We have a long history of enacting power over others, building systems that advantage us, and telling stories that obscure those realities. I’m not responsible for everything white people have done, but I am accountable to that history—to know it and to decide what I will do with it. Learning more about race has made it clear why people of color have long been wary of whiteness. That mistrust didn’t appear out of nowhere. There is wisdom there, and I have much to learn from it.
3. Naming racism is not a personal attack on me.
I grew up in a mostly white world where conversations about race were often framed as accusations or unfair targeting of white people. Those ideas took root in me. Racism, though, is a collective problem—one I was taught to ignore or explain away. And even now, I sometimes notice defensiveness rise in me when people who are harmed by our racial system speak about their experiences. That reaction disturbs me. It forces me to ask why I feel centered instead of attentive, and why I’m thinking about myself rather than listening to another person’s pain.
4. Whiteness taught me how to move between power and victimhood.
I’ve learned how whiteness trains white people to play the role of oppressor—and when challenged, to shift quickly into the role of the victim. This dynamic keeps us bound, limits imagination, and narrows what feels possible. In that sense, I am not free. Whiteness keeps me stuck in a version of myself that doesn’t align with who I want to be. I have to keep asking: How does whiteness shape my relationships? How does it influence how I see myself and others? Where do I need to be made free?
5. The way I was socialized as a white person conflicts with my values.
This misalignment creates real tension. I feel pressure to perform whiteness in ways that don’t match my beliefs about justice, dignity, and shared humanity. I’m still learning the language for this struggle. Writing has become one way I practice asking harder questions: What is required of me if I believe justice should be for everyone? How does that differ from what I was taught about race? Who helps hold me accountable to the life I want to live?
6. Focusing only on the harm done to people of color is sometimes used as a way to let white people off the hook.
For a long time, my understanding of racism centered on what was “going wrong” for people of color. I didn’t consider how racism was shaping and implicating me. Shifting the question has changed everything. Instead of asking only what racism does to its targets, I now ask what’s happening with white people. How are we sustaining racial inequity? What would it take for this to be a problem we feel responsible for—not just something we observe?
7. I’ve been learning how to be white my entire life.

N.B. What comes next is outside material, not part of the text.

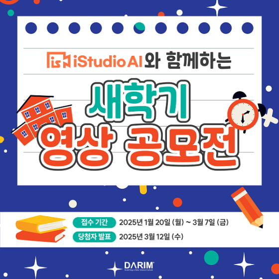 iStudio AI와 함께하는 새학기 영상 공모전 공모분야 사진/영상 접수기간2025.01.20 ~ 2025.03.07 D+395 종료 참가자격 제한없음 주최다림시스템 1등상금(상품)기타 홈페이지 바로가기 첨부파일 다운로드 유의사항 ※본 내용은 참고 자료로 내용의 오류와 변동에 대해 책임지지 않습니다. (오류 및 변동 신고는 상단의 '제안/오류' 신고를 통해 해주십시오.) ※주최사 사정에 따라 일정 및 내용이 변경될 수 있으니 주최사 홈페이지 등을 통해 관련 안내를 수시로 확인하시기 바랍니다. 상세내용 ■ 제목iStudio AI와 함께하는 새학기 영상 공모전 ■ 기간 - 접수기간 : 2025년 1월 20일 (월) ~ 2025년 3월 7일 (금) - 결과발표 : 2025년 3월 12일 / 다림시스템 블로그에서 결과 발표 ■ 참가자격 초, 중, 고, 대학생 및 선생님, 교수님 등 새학기를 맞이하는 누구나 참여 가능합니다. ■ 참여방법 / 접수방법<공모 주제> 당신의 아이디어를 마음껏 펼칠 수 있는 기회!iStudio AI의 가상스튜디오 기술을 사용하여 영상을 자유롭게 만들어주세요!연극, 발표, 노래, 춤, 강의, 그림 그리기 등 좋아하는 어떤 것이든 촬영해도 괜찮습니다! <제출 형식> - iStudio AI로 녹화하여 만든 영상 (MP4 파일 형식) - 영상 길이는 30초에서 3분 사이로 제한 <접수 방법> 1. 다운로드 링크를 클릭하여 iStudio AI 체험판을 다운로드 한다. (iStudio AI는 Window 기반 컴퓨터에서 가능합니다.) - 다운로드 링크 : https://www.darim.co.kr/istudio-free-download 2. iStudio AI를 설치하고 실행하여 재미있게 영상을 녹화한다. - iStudio AI 설치 방법 : https://blog.naver.com/darim_istudio/223728771426 ※ 체험판은 10분동안 사용 가능하며, 10분이 지난 후에는 화면에 마크가 나타납니다. 종료 후 다시 실행하면 마크 없이 10분간 사용이 가능합니다. 3. 아래 양식으로 내용을 작성하고 영상을 첨부하여 taeyang@darim.com으로 이메일을 보낸다. - 이메일 양식 이름 또는 닉네임 : 나이 : 소속 : 연락처 : 간단한 영상 설명 : ■ 시상내용 / 혜택 - 대상 (1명) : 월 20만원 상당의 iStudio AI 3년 무료 이용권, 10만원 상당의 SONY 무선 헤드셋 - 최우수상 (1명) : 월 20만원 상당의 iStudio AI 2년 무료 이용권, 3만원 상당의 치킨 기프티콘 - 우수상 (2명) : 월 20만원 상당의 iStudio AI 1년 무료 이용권, 3만원 상당의 치킨 기프티콘 ■ 유의사항 제출된 영상의 저작권은 제작자에게 있으나, 공모전에 제출된 모든 영상은 iStudio AI의 홍보 및 마케팅 목적으로 활용될 수 있습니다. 제출 시, 아래 사항에 동의하신 것으로 간주됩니다.1. 영상 활용 범위 - 다림시스템의 공식 웹사이트, SNS 채널, 프로모션 영상 등 다양한 홍보 콘텐츠에 사용될 수 있습니다. - 필요한 경우, 일부 편집 후 사용될 수 있습니다.2. 개인정보 제공 및 활용 - 경품 수령을 위해 제공된 개인정보(연락처 등)는 경품 발송과 관련된 용도로만 사용됩니다. - 공모전 참가 시, 개인정보 제공에 동의한 것으로 간주되며, 경품 수령을 위한 최소한의 정보가 필요합니다. - 수집된 개인정보는 경품 발송 완료 후 즉시 파기됩니다.3. 제작자 정보 명시 - 홍보 콘텐츠 활용 시, 제작자의 이름(닉네임), 나이 또는 소속 등 크레딧이 함께 제공됩니다.<참여시 유의사항> - 잘못된 개인정보로 인하여 연락이 닿지 않을 경우 수상이 취소됩니다. - 부정행위(예: 타인의 영상을 도용하거나, 부적절한 내용을 포함하는 경우)가 발견되면 참여가 무효화됩니다. - 이벤트 관련 추가 공지나 변경사항은 블로그를 통해 전달됩니다. ■ 문의 www.darim.co.kr 목록

Race has always been present, even when I didn’t have words for it. That’s the nature of living in a racialized society—we don’t get to opt out. Whiteness was so normalized, so close, that I couldn’t see it as something learned rather than inherent. I have to keep asking: What have I been taught by whiteness? How has it shaped who I’ve been—and who I might become?
8. The version of whiteness I inherited doesn’t serve me—or anyone else.
My racial socialization trained me to maintain a system that harms others and diminishes my own humanity in the process. When white people insist we have nothing to do with present-day racism while actively benefiting from it, we live a lie—and that lie costs us something essential. I don’t have to accept the place assigned to me. Examining whiteness has shown me that while choosing something different can feel uncomfortable and destabilizing, the possibility of becoming more whole and more free is worth it.
These are the things I keep returning to.
The things I can’t unsee. The things that ask me to stay in the conversation—even when it would be easier not to.